Recorded data:
[Start of section]

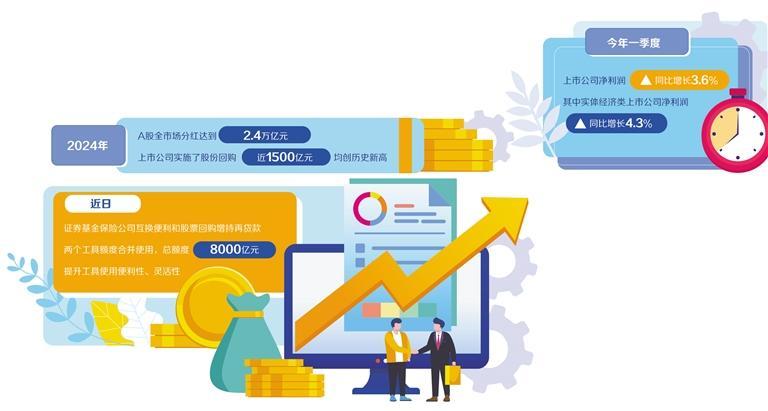 提高上市公司质量和投资回报是资本市场发展的基石。2024年A股全市场分红达到2.4万亿元,上市公司实施了股份回购近1500亿元,均创历史新高。当前,市场的分红回购已远超IPO、再融资和减持的总规模。此外,发行上市、信息披露、公司治理、并购重组、交易等全链条、各环节都进一步提升了监管效能,财务造假、欺诈发行、操纵市场和内幕交易等严重违法违规行为不断被严惩,资本市场生态正在不断优化。
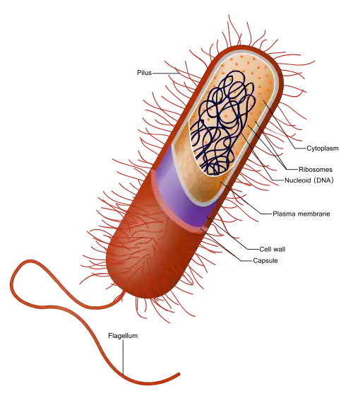 - flagella (singular: flagellum) - helps with movement of the bacterium.
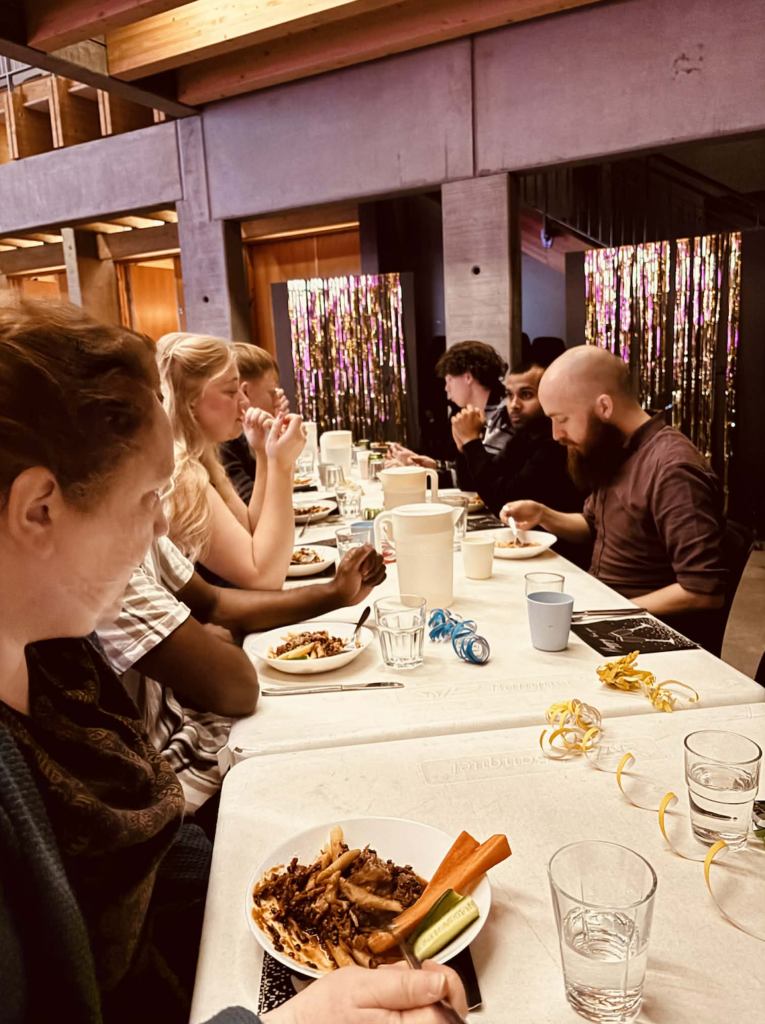 Du træder ind ad døren til din kirke og ser en håndfuld venner, der allerede står og snakker ved baren, mens der åbnes en sodavand og en øl. I sofaen sidder nogle og griner. Fra køkkenet breder duften af varme krydderier sig – kikærtegryden står og simrer. Du hører stoleben ramme hinanden, mens stolene i kirkesalen bliver stablet, og får øje på nogle, der er ved at sætte borde op til spisningen.

[End of section]

Problem to solve: Would you restate, word for word, the lines from the one holding "- flagella (singular: flagellum)" through the end of the material above? Omit the pictures.

Written reply:
 - flagella (singular: flagellum) - helps with movement of the bacterium.
 Du træder ind ad døren til din kirke og ser en håndfuld venner, der allerede står og snakker ved baren, mens der åbnes en sodavand og en øl. I sofaen sidder nogle og griner. Fra køkkenet breder duften af varme krydderier sig – kikærtegryden står og simrer. Du hører stoleben ramme hinanden, mens stolene i kirkesalen bliver stablet, og får øje på nogle, der er ved at sætte borde op til spisningen.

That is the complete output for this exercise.